Sœur Sourire

Arte TV a récemment diffusé « Sœur Sourire », film de Stijn Coninx (2009) consacré à Jeanine Deckers qui, lorsqu’elle était religieuse, connut un succès mondial avec sa chanson « Dominique ».

 Jeanine (Cécile de France) est une adolescente rebelle. Sa mère (Jo Deseure), une femme autoritaire entend la conduire dans le chemin normal : reprendre la boulangerie-pâtisserie familiale, se marier, avoir des enfants. Jeanine rêve d’autres horizons : le dessin, la guitare, l’Afrique, Dieu peut-être.

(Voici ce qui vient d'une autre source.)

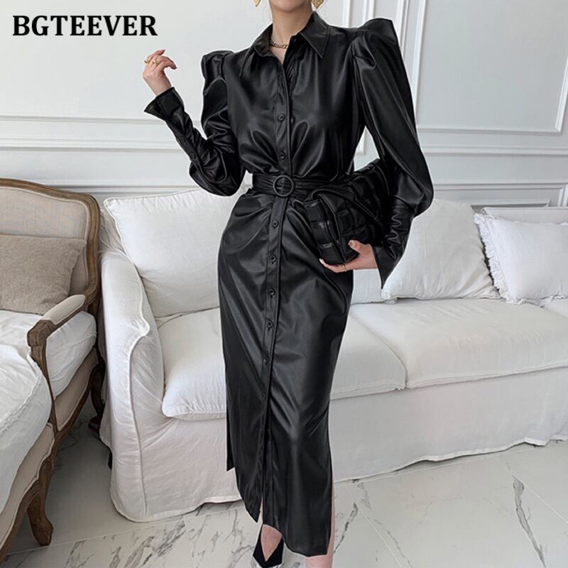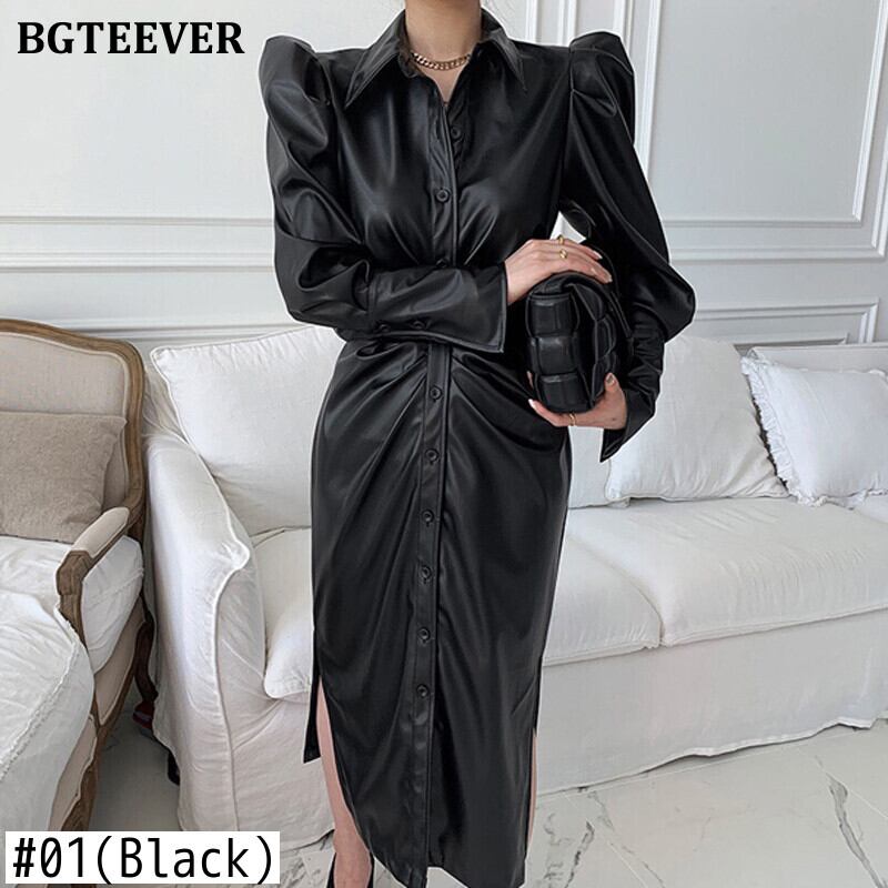 【新作】【送料無料】 BGTEEVERレディースターンダウンカラーPUレザーパッケージヒップドレススタイリッシュなパフスリーブベルト付きスリムペンシル ハーネス 12b199942271917
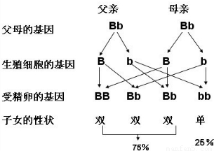 (2)如果顯性基因用B表示,隱性基因用b表示,若第三組中父親為雙眼皮,母親為單眼皮,生了一個(gè)單眼皮的孩子,請(qǐng)寫出雙親的基因組成:______. (3)從第2組數(shù)據(jù)中可以看出,如果父母均為雙眼皮,子女有的是單眼皮,有的是雙眼皮,請(qǐng)寫出雙眼皮子女的基因組成:______. (4)如果第1組某家庭的單眼皮母親做了雙眼皮手術(shù),那么她能生出雙眼皮的孩子嗎?為什么?______,______. 查看答案和解析>> 同步練習(xí)冊(cè)答案 國際學(xué)校優(yōu)選 - 練習(xí)冊(cè)列表 - 試題列表 湖北省互聯(lián)網(wǎng)違法和不良信息舉報(bào)平臺(tái) | 網(wǎng)上有害信息舉報(bào)專區(qū) | 電信詐騙舉報(bào)專區(qū) | 涉歷史虛無主義有害信息舉報(bào)專區(qū) | 涉企侵權(quán)舉報(bào)專區(qū) 違法和不良信息舉報(bào)電話:027-86699610 舉報(bào)郵箱:58377363@163.com版權(quán)聲明:本站所有文章,圖片來源于網(wǎng)絡(luò),著作權(quán)及版權(quán)歸原作者所有,轉(zhuǎn)載無意侵犯版權(quán),如有侵權(quán),請(qǐng)作者速來函告知,我們將盡快處理,聯(lián)系qq:3310059649。 ICP備案序號(hào): 滬ICP備07509807號(hào)-10 鄂公網(wǎng)安備42018502000812號(hào) | ||||||||||||||||||||||||||||||||||||||||||||||||||||||||||||||||||||||||||||||||||||||||

 Pour échapper à ce destin imposé, elle entre dans un couvent de sœurs dominicaines. C’est pour tomber sous la coupe d’une autre mère, la mère supérieure (Chris Lomme), qui n’a de cesse de tenter de briser la volonté de la jeune novice réfractaire à l’obéissance.

Jo Deseure, Cécile de France

Mais les temps changent. À Rome, le pape Jean XXIII convoque un concile œcuménique. On finit par laisser à « Sœur Luc Gabriel », le nom de religion de Jeanine, une marge d’autonomie créatrice. Elle compose des chansons, dont un hymne au fondateur de l’ordre des Dominicains : « Dominique nique nique s’en allait tout simplement… »

 Les responsable ecclésiastiques voient le bénéfice qu’ils peuvent tirer de ce jeune talent : contribuer à l’aggiornamento de l’Église, lui donner une image de modernité, séduire les jeunes. Un accord est passé avec Philips pour la réalisation et la diffusion d’un 45 tours, dont la chanteuse est baptisée « Sœur Sourire ».

 Le résultat dépasse toutes les espérances : 2 millions d’albums vendus dans le monde, n°1 au hit-parade aux États-Unis en décembre 1963. Les religieuses tentent de préserver l’anonymat de la chanteuse, mais les murs craquent : Sœur Sourire fait la une de Paris-Match et est la vedette d’un talk-show américain.

Soeur Luc Gabriel châtiée pour désobéissance

Jeanine se prend à rêver de partir en tournée. Lorsqu’elle découvre que la mère supérieure a intercepté les lettres que lui adressait Annie (Sandrine Blancke), son amie d’enfance, elle décide de quitter le couvent.

 C’est auprès d’Annie que Jeanine trouve refuge. Elle s’engage dans une carrière de chanteuse, mais les milieux catholiques qui la vénéraient lorsqu’elle était religieuse ne lui pardonnent pas son couple homosexuel et ses chansons de femme libre, en particulier en faveur de la pilule. Harcelée par le fisc, elle finit par se suicider avec sa compagne.

 Ce suicide constitue un moment paradoxalement heureux, de réconciliation avec la vie, de voyage ensemble vers un ailleurs. Jeanine se décrit elle-même comme une écorchée vive, incapable d’aimer. Ses relations avec ses parents sont empreintes d’une sourde violence. Avec son impresario, la rupture est brutale. Une scène nous la montre extrayant de force son ancien directeur spirituel d’un confessionnal.

 Le pseudonyme « Sœur Sourire » fut une belle trouvaille marketing, mais ne correspondait en rien au personnage que joue Cécile de France avec brio, volcanique, colérique, instable, profondément triste. Le film de Stinj Coninck met en scène des contradictions insoutenables : celle d’une femme avide de liberté qui prononce le vœu d’obéissance ; celle d’une Église qui cherche à s’ouvrir et à se réformer, mais peine à encourager l’initiative et la créativité de ses membres, et même simplement à les respecter.